BEGIN Information supplied

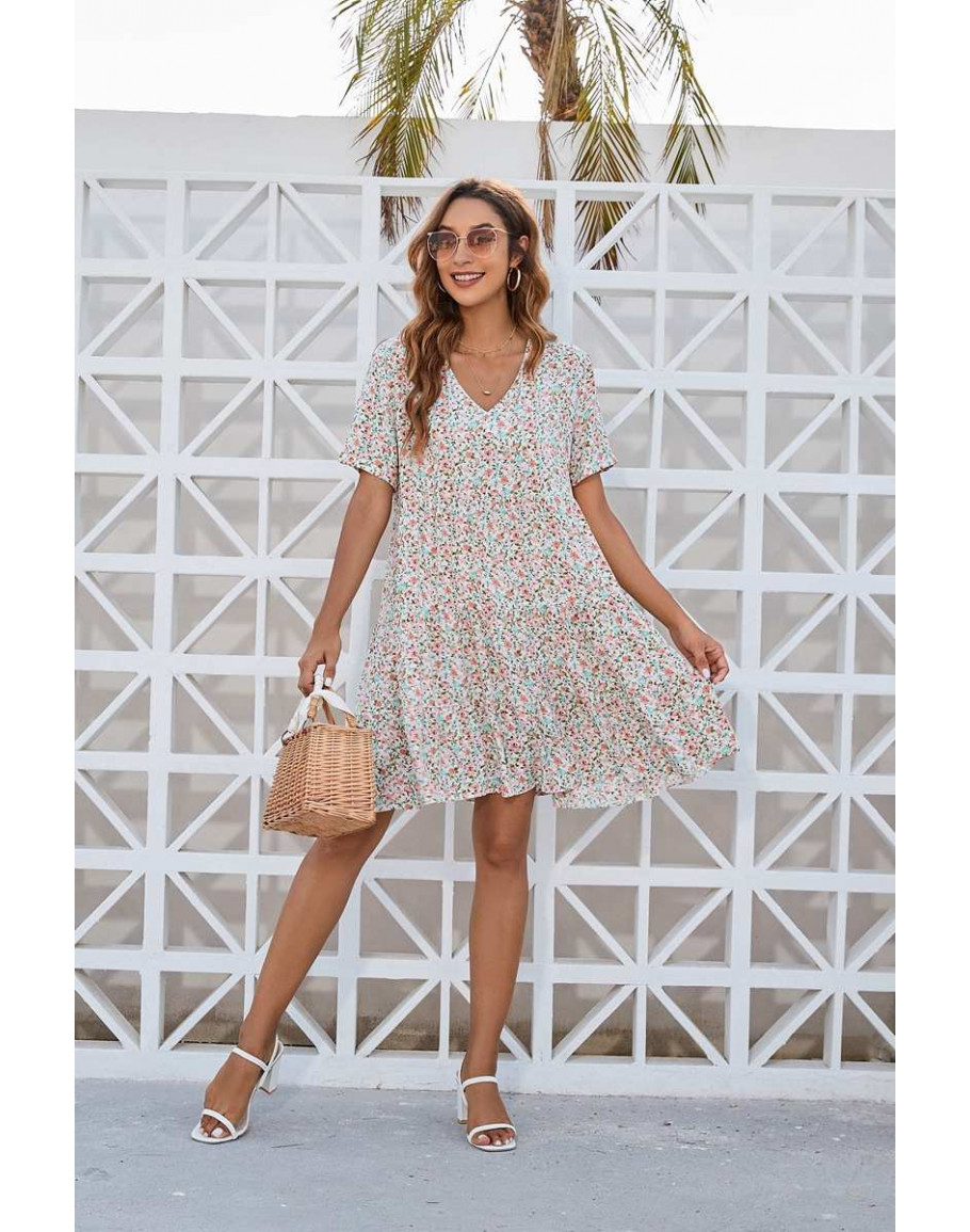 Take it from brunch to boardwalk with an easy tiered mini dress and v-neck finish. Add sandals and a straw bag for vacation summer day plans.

END Information supplied
BEGIN Information supplied

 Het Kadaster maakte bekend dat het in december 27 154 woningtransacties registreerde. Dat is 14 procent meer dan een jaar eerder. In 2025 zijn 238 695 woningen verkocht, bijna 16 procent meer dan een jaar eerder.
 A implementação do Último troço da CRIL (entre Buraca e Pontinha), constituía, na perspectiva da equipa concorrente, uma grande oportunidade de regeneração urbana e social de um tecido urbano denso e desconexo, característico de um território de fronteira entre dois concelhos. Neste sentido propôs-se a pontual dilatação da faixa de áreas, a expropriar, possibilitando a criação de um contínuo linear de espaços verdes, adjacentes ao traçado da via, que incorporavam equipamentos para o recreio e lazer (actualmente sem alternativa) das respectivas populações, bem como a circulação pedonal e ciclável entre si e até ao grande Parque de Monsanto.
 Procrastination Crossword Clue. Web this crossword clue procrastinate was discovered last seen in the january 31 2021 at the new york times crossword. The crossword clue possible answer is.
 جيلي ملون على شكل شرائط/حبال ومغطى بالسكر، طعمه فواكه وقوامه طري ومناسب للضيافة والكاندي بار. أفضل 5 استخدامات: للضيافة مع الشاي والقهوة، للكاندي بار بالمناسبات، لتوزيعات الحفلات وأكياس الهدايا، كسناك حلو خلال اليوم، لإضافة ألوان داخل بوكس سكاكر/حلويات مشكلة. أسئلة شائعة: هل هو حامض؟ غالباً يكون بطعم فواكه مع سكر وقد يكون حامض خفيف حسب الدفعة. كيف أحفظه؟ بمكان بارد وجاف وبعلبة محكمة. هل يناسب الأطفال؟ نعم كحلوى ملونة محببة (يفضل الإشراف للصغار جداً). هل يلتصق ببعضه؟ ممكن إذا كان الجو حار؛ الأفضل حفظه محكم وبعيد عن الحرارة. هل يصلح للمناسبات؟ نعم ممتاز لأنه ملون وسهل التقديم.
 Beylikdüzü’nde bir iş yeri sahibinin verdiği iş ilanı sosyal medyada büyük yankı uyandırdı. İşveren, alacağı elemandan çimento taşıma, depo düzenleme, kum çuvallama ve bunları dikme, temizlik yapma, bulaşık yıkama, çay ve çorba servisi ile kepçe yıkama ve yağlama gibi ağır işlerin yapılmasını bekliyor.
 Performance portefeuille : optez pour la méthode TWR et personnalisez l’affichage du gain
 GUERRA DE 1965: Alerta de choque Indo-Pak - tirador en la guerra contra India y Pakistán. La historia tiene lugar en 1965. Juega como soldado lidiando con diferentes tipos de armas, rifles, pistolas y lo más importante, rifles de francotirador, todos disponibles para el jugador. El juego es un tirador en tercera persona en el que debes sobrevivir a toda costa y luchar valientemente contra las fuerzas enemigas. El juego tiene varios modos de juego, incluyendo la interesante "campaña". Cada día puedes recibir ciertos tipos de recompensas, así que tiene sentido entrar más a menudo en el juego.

END Information supplied

▸ **Exercise directions**:
Repeat exactly the lines of the listing above, from the one with "Beylikdüzü’nde bir iş" down to the one with "Performance portefeuille : optez"; both of those lines belong in the range.

▸ **Solution to the exercise**:
 Beylikdüzü’nde bir iş yeri sahibinin verdiği iş ilanı sosyal medyada büyük yankı uyandırdı. İşveren, alacağı elemandan çimento taşıma, depo düzenleme, kum çuvallama ve bunları dikme, temizlik yapma, bulaşık yıkama, çay ve çorba servisi ile kepçe yıkama ve yağlama gibi ağır işlerin yapılmasını bekliyor.
 Performance portefeuille : optez pour la méthode TWR et personnalisez l’affichage du gain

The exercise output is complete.